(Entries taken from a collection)
____
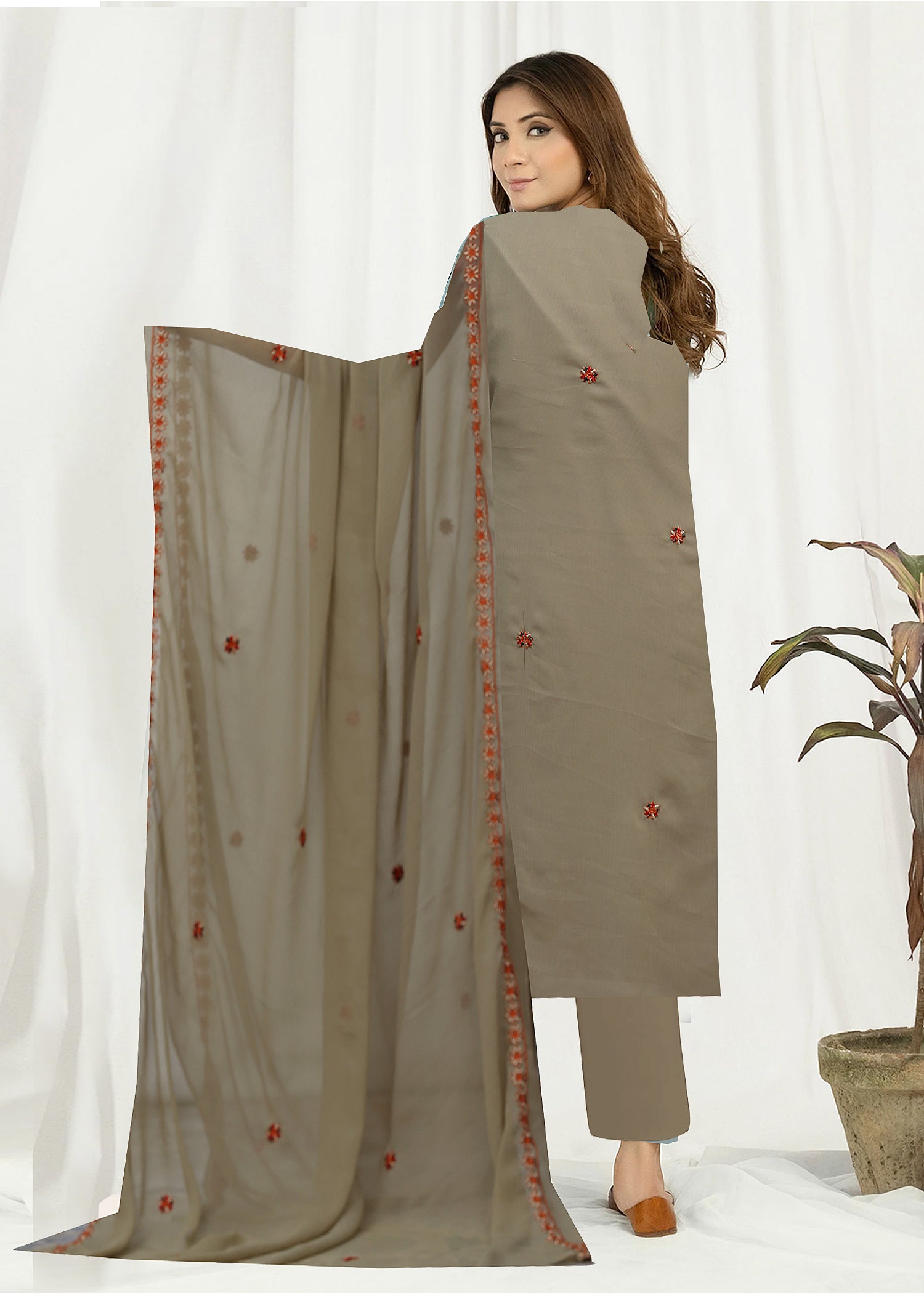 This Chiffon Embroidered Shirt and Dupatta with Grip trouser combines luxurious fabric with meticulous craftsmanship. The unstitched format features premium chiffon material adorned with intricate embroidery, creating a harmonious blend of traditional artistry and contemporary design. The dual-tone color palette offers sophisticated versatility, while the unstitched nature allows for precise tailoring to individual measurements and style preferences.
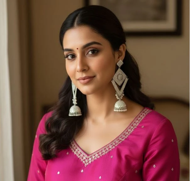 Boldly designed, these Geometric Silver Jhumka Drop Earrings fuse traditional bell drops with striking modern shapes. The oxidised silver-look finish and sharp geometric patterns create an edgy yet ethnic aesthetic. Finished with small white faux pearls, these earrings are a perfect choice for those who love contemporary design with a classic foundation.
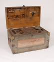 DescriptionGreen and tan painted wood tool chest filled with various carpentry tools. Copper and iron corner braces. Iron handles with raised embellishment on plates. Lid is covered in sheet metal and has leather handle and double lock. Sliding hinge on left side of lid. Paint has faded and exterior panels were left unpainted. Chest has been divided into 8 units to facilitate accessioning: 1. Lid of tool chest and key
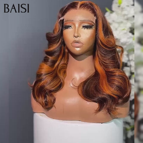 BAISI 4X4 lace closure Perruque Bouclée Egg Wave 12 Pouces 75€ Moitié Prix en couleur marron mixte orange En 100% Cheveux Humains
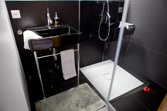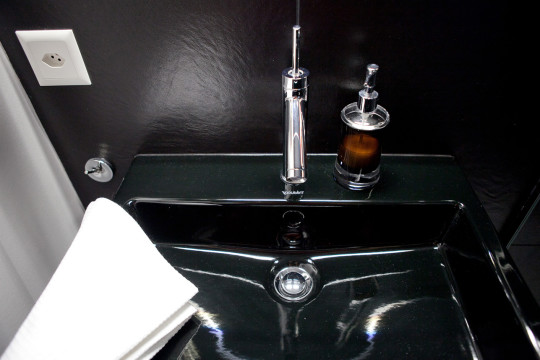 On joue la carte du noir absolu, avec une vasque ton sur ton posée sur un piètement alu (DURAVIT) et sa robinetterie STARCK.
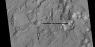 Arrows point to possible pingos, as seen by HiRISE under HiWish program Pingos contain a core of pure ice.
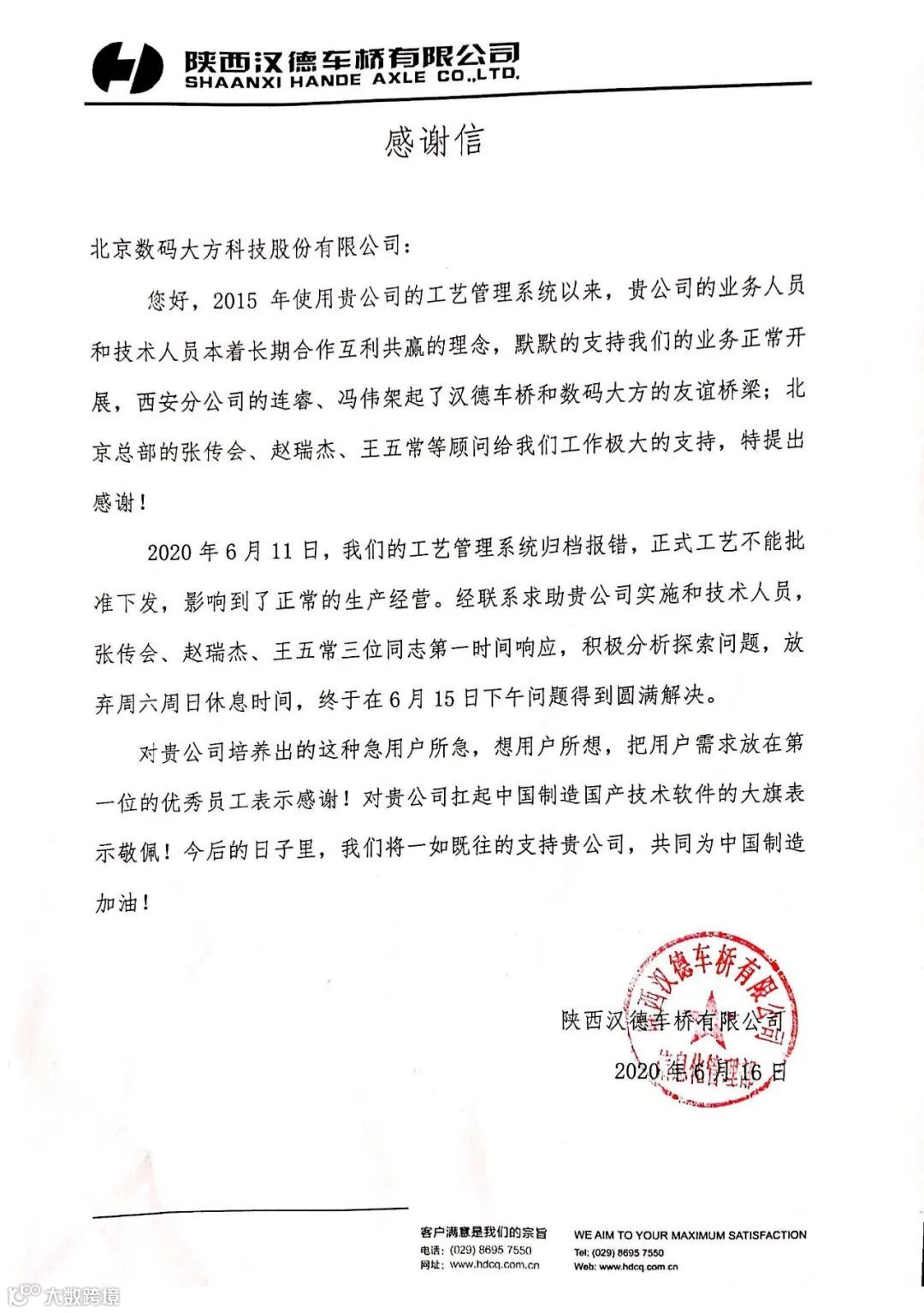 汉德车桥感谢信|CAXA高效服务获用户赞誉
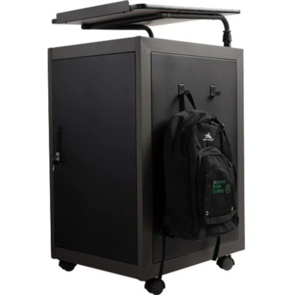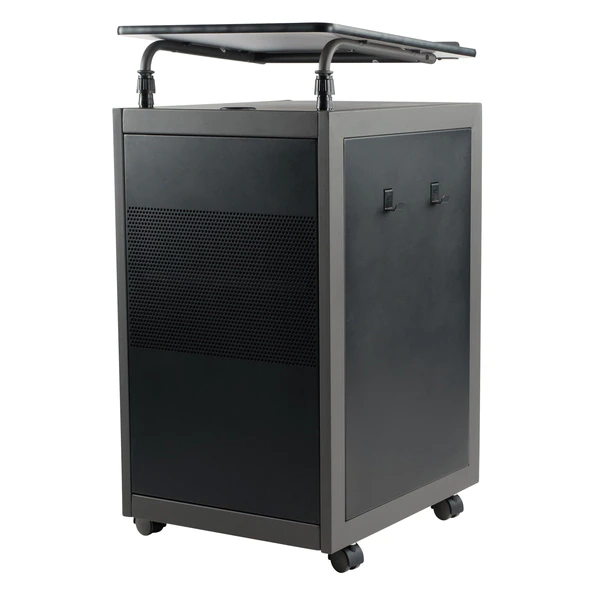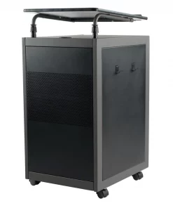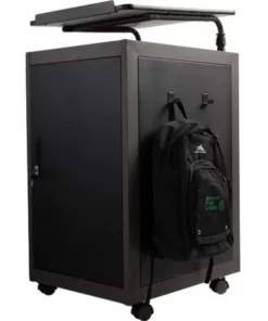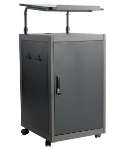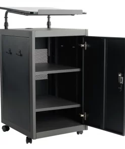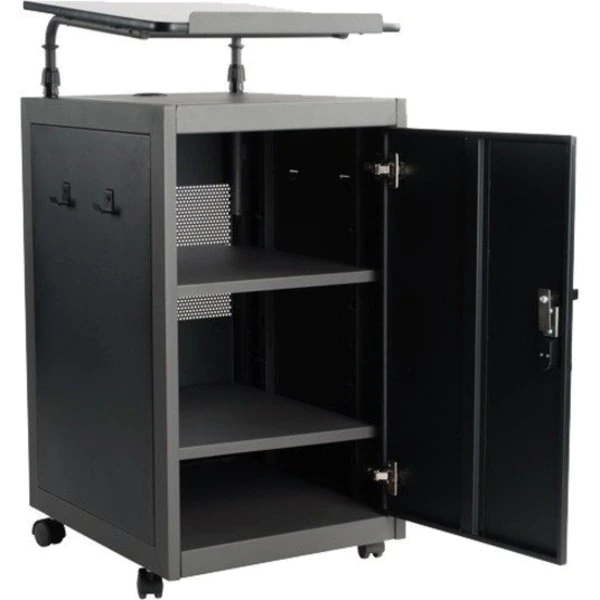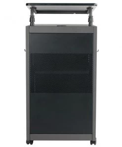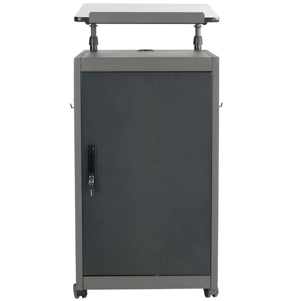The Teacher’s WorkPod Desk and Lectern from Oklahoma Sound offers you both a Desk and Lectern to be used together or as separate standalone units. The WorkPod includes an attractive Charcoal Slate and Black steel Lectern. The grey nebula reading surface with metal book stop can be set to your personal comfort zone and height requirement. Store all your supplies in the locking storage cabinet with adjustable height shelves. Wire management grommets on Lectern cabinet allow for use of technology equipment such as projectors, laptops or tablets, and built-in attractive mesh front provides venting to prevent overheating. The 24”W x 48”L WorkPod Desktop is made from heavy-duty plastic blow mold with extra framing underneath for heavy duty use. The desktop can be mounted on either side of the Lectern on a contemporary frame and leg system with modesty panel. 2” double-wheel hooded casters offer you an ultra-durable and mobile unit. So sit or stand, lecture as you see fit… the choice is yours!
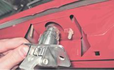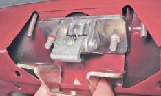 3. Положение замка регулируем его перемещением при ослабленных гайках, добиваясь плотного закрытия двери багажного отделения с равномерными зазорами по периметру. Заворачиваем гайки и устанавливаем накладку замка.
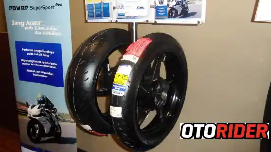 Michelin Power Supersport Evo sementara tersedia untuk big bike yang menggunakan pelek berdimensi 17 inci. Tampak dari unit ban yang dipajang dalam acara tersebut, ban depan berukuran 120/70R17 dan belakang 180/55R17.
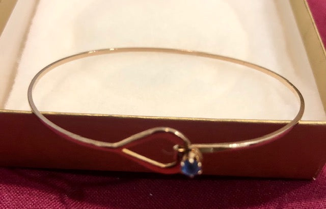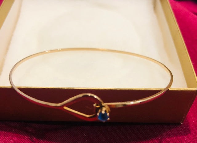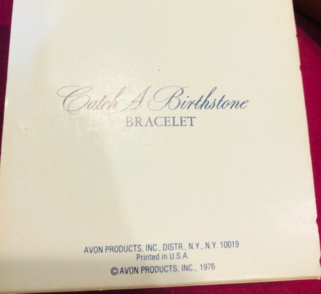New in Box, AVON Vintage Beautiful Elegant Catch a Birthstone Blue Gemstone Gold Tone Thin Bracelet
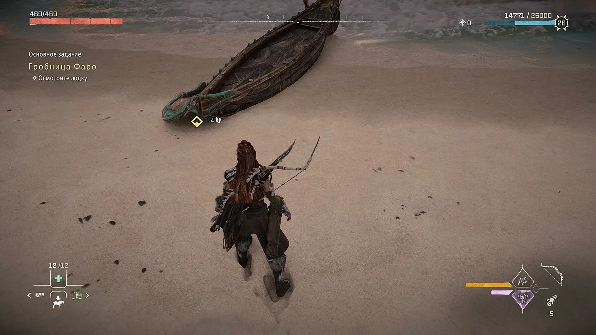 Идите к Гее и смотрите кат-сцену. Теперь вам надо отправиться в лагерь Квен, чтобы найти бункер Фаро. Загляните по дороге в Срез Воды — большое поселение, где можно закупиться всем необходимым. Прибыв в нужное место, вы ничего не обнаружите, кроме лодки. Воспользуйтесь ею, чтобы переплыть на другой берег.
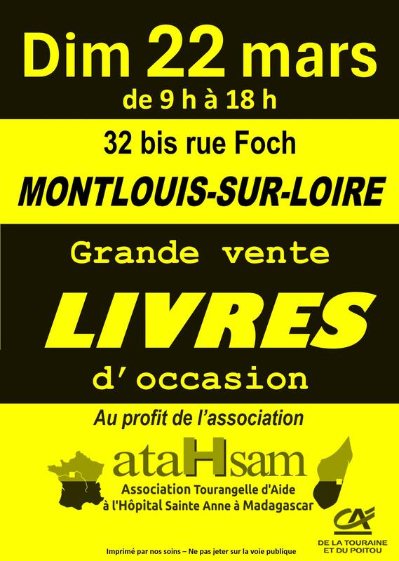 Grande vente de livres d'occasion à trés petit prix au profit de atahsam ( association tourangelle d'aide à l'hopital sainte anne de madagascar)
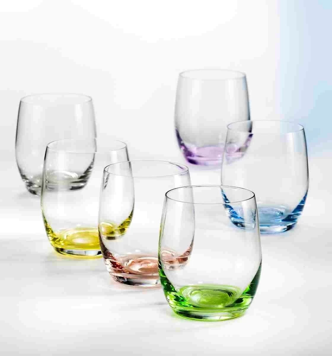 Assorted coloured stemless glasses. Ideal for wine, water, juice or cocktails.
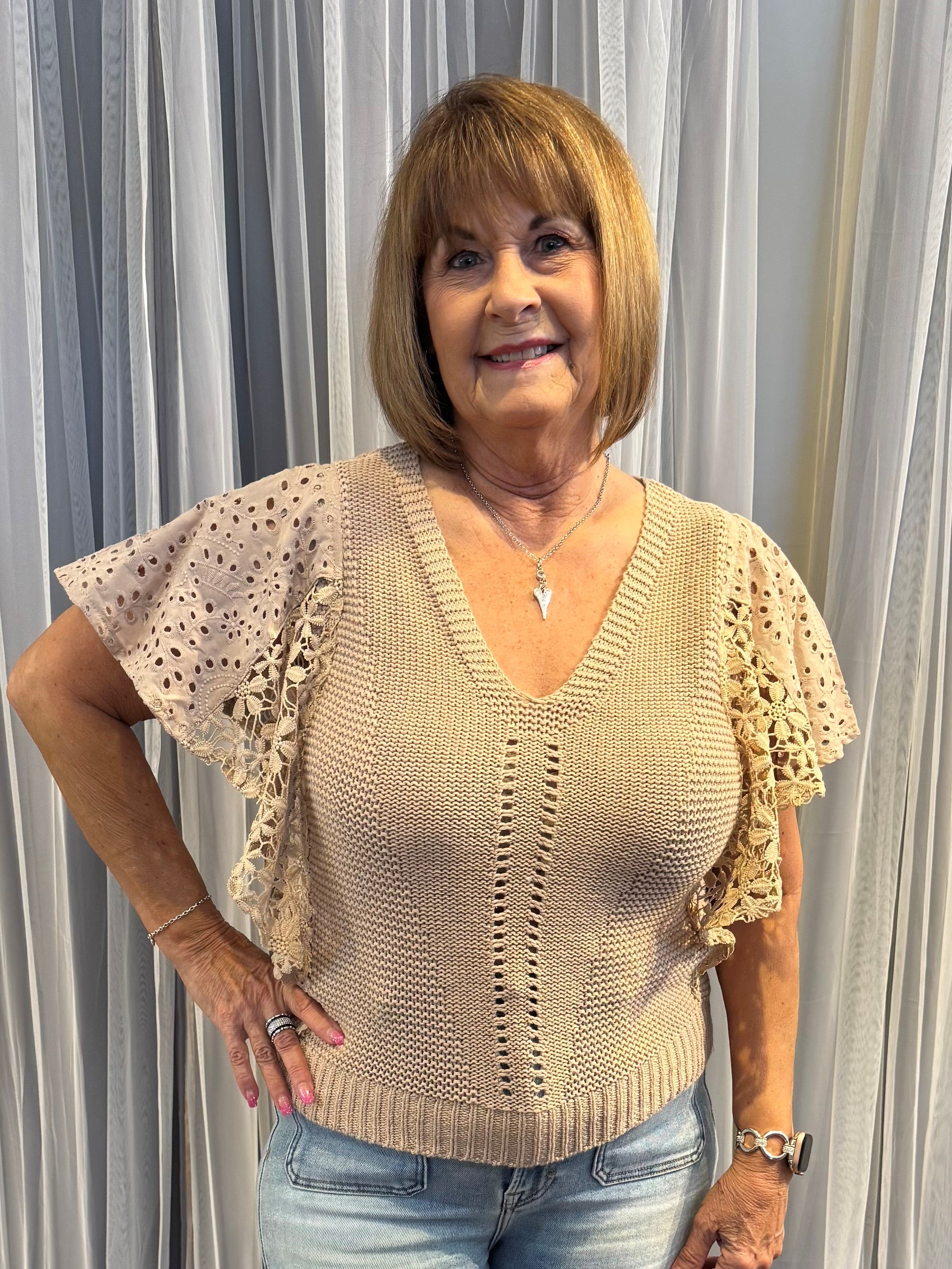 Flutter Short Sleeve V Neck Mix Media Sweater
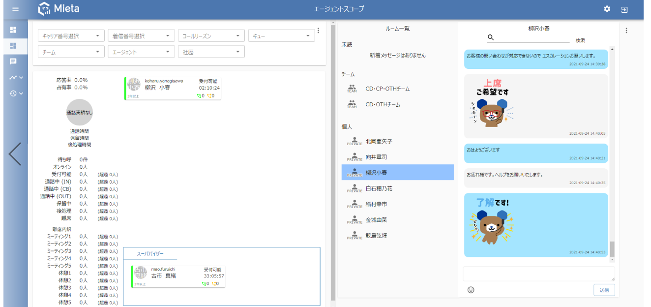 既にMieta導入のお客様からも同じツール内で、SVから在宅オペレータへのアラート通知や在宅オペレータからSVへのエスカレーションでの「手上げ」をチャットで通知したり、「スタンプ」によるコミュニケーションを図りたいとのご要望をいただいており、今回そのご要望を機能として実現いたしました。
____
• _Requirement_
Once the line containing "Boldly designed, these" has been located, transcribe exactly and only every line from the first line of the entries through it, excluding pictures.

• _Written answer_
 This Chiffon Embroidered Shirt and Dupatta with Grip trouser combines luxurious fabric with meticulous craftsmanship. The unstitched format features premium chiffon material adorned with intricate embroidery, creating a harmonious blend of traditional artistry and contemporary design. The dual-tone color palette offers sophisticated versatility, while the unstitched nature allows for precise tailoring to individual measurements and style preferences.
 Boldly designed, these Geometric Silver Jhumka Drop Earrings fuse traditional bell drops with striking modern shapes. The oxidised silver-look finish and sharp geometric patterns create an edgy yet ethnic aesthetic. Finished with small white faux pearls, these earrings are a perfect choice for those who love contemporary design with a classic foundation.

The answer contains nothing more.